Анализ экспрессии белка в клетках MCF-7, обработанных салидрозидом, методом вестерн-блоттинга

Начните с добавления двух миллилитров клеток MCF-7, содержащих различные препараты, в лунки шестилуночного планшета. Инкубируйте клеточные культуры в течение 24 часов при температуре 37 градусов Цельсия и 5% углекислого газа. Соберите клетки центрифугированием при температуре 560 x g в течение трех минут при четырех градусах Цельсия.

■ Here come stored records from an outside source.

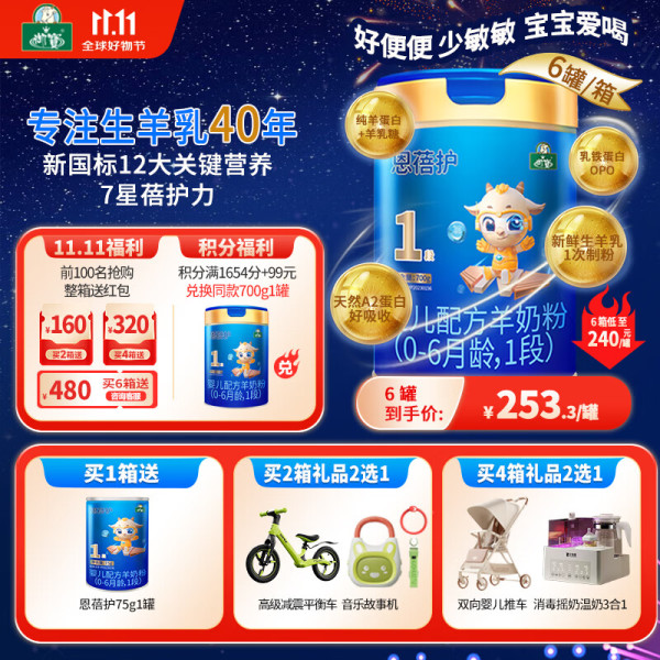 御宝 YB 恩蓓护婴儿羊奶粉纯羊奶生羊乳A2乳铁蛋白新国标送试用低敏自护力 1段 0-6个月 700g 6罐 1件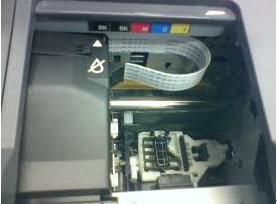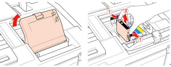 1、打开墨盒舱盖,取出达到使用寿命的墨盒,如图(4);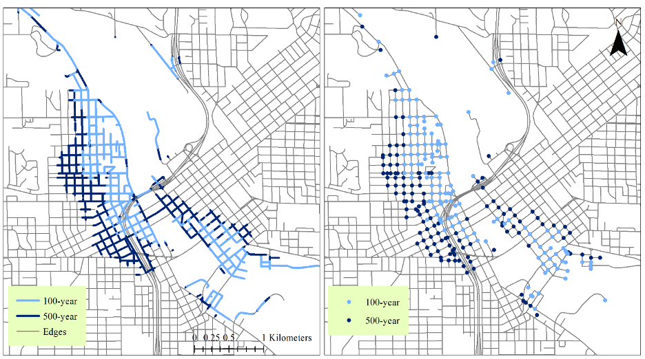The affected road edges segments (left) and nodes (right) under two flood scenarios in the city center of Cedar Rapids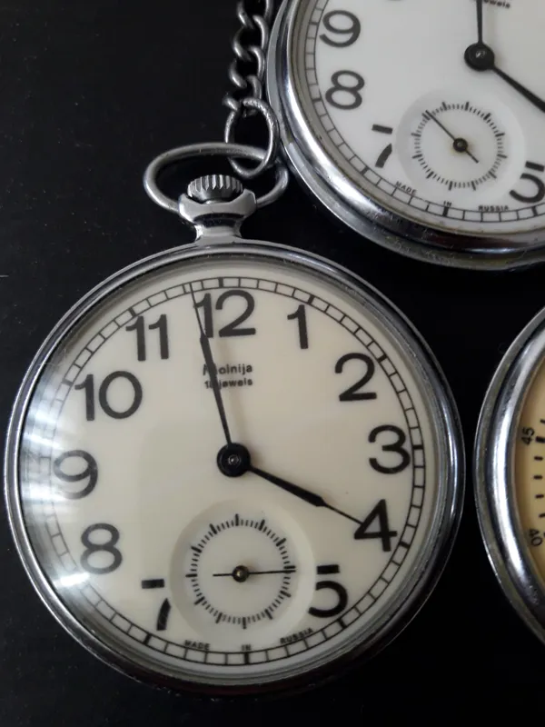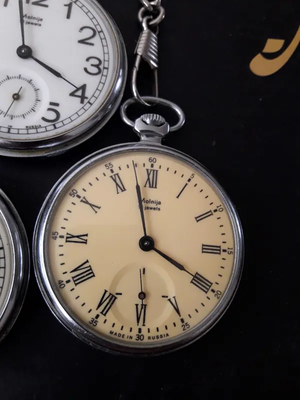 3 عدد ساعت روسی کوکی جیبی مولینجا در حد نو با کار کرد دقیق بفروش میرسند قیمت برا هر 3 تاست تکی فروش ندارم و همچنین مرجوعی هم ندارم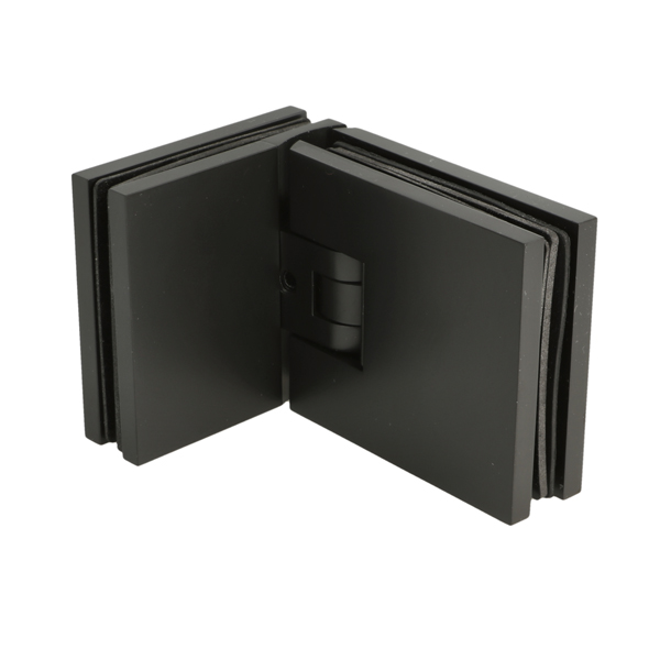 Shower Hinge "Lima", 90DG, Glass/Glass, Black, 6-10mm Glass Thickness, W/15 DG Angle Adjustment Function & 15DG Return Function, Brass Material, Hidden Screws. Black Rubber Gaskets: 4 x 1mm & 4 x 2mm Thickness. Load Capacity Pr. Pair: 45kg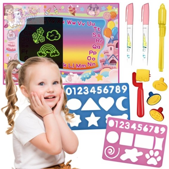 WOOPIE Mata Wodna do Malowania 2w1 XXL 100x70cm Świeci w Ciemności

Затем дважды промойте ячейки с помощью предварительного охлаждения PBS, центрифугируя при давлении 560 x g в течение трех минут между промывками. Добавьте в промытые клетки 50 микролитров буфера для лизиса и поместите образец в ледяную баню на 15 минут. Затем центрифугируйте образец при 8 550 х г в течение 10 минут при четырех градусах Цельсия и соберите образец белка надосадочной жидкости.

Соедините образец белка с загрузочным буфером в соотношении четыре к одному. Далее денатурируйте смесь при температуре 100 градусов Цельсия в течение 10 минут в металлической ванне. Затем остудите смесь до комнатной температуры.

Отделите образец белка с помощью электрофореза в полиакриламидном геле с 10% SDS. Перенесите белки на мембрану из PVDF толщиной 0,22 микрометра. После блокирования мембраны 5% БСА инкубируйте ее с соответствующими первичными антителами в течение ночи при четырех градусах Цельсия.

На следующий день инкубируйте мембрану с козьим вторичным антителом IgG против кролика при 37 градусах Цельсия в течение двух часов. Затем проявите мембраны с помощью хемилюминесцентного раствора ECL и получите изображения с помощью бесконтактной системы количественной визуализации вестерн-блоттинга. Вестерн-блоттинг показал, что лечение салидрозидом способствует экспрессии белков проапоптотических факторов CC-9, CC-7, CC-3, Bim и Bax, в то время как оно ингибирует экспрессию белка антиапоптотических BCL-2.

Салидрозид заметно ограничивал отношения p-PI3K к PI3K и p-AKT к AKT. Между тем, экспрессия белков mTOR, HIF-1 альфа и Fox01 также была заметно подавлена.